St. Joseph the Hymnographer (816-883 A.D.) was born in Sicily to a pious Christian family. When Muslims invaded the island, his family moved to Greece to escape persecution. At the age of fifteen he entered a monastery and grew in holiness and virtue. St. Gregory the Dekapolite took Joseph with him to Constantinople to defend the traditional reverence of icons in opposition to the iconoclast heresy. Joseph was then chosen by the local clergy to be a messenger to Pope Leo III to obtain the Holy Father's assistance in battling the iconoclast heretics, who were gaining power and influence. On his way to Rome, Joseph was captured by Muslims who delivered him into the hands of the iconoclast heretics. While held a prisoner, St. Nicholas appeared to Joseph and asked him to sing in the name of God. After six years Joseph was freed from prison and returned to Constantinople, where he founded a monastery dedicated to his friend St. Gregory. He also dedicated a church in the name of St. Bartholomew, to whom he had a devotion. St. Bartholomew then appeared to Joseph in a dream and encouraged him to write hymns for the Church. After writing his first hymn in honor of St. Bartholomew, Joseph dedicated other hymns to St. Nicholas, the Blessed Virgin Mary, and other saints. During his life he composed nearly 1,000 hymns. When another wave of iconoclasm arose, he again stood steadfast against it and was exiled for eleven years as a result; he was later exiled a second time for defending orthodox Christian doctrine. He finally died full of years in Constantinople. His feast day is June 14.

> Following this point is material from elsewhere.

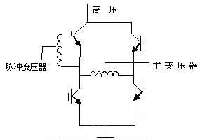 由電路可以看出,市電經(jīng)整流濾波后變?yōu)?11V高壓,經(jīng)K1~K4功率開關管有序工作后,變?yōu)槊}沖信號加至高頻變壓器的初級,脈沖的高度始終為311V。當K1,K4開通時,311V高壓電流經(jīng)K1正向流入主變壓器初級,經(jīng)K4流出,在變壓器初級形成一個正向脈沖。

Wednesday of the Tenth Week in Ordinary Time

Reading 1 2 Cor 3:4-11

Brothers and sisters:
Such confidence we have through Christ toward God.
Not that of ourselves we are qualified to take credit
for anything as coming from us;
rather, our qualification comes from God,
who has indeed qualified us as ministers of a new covenant,
not of letter but of spirit;
for the letter brings death, but the Spirit gives life.

Now if the ministry of death, carved in letters on stone, was so glorious
that the children of Israel could not look intently at the face of Moses
because of its glory that was going to fade,
how much more will the ministry of the Spirit be glorious?
For if the ministry of condemnation was glorious,
the ministry of righteousness will abound much more in glory.
Indeed, what was endowed with glory
has come to have no glory in this respect
because of the glory that surpasses it.
For if what was going to fade was glorious,
how much more will what endures be glorious.

Responsorial Psalm Ps 99:5, 6, 7, 8, 9

R. (see 9c) Holy is the Lord our God.*
Extol the LORD, our God,
and worship at his footstool;
holy is he!
R. Holy is the Lord our God.
Moses and Aaron were among his priests,
and Samuel, among those who called upon his name;
they called upon the LORD, and he answered them.
R. Holy is the Lord our God.
From the pillar of cloud he spoke to them;
they heard his decrees and the law he gave them.
R. Holy is the Lord our God.
O LORD, our God, you answered them;
a forgiving God you were to them,
though requiting their misdeeds.
R. Holy is the Lord our God.
Extol the LORD, our God,
and worship at his holy mountain;
for holy is the LORD, our God.
R. Holy is the Lord our God.

Alleluia Ps 25:4b, 5a

R. Alleluia, alleluia.
Teach me your paths, my God,
and guide me in your truth.
R. Alleluia, alleluia.

Gospel Mt 5:17-19

Jesus said to his disciples:
"Do not think that I have come to abolish the law or the prophets.
I have come not to abolish but to fulfill.
Amen, I say to you, until heaven and earth pass away,
not the smallest letter or the smallest part of a letter
will pass from the law,
until all things have taken place.
Therefore, whoever breaks one of the least of these commandments
and teaches others to do so
will be called least in the Kingdom of heaven.
But whoever obeys and teaches these commandments
will be called greatest in the Kingdom of heaven."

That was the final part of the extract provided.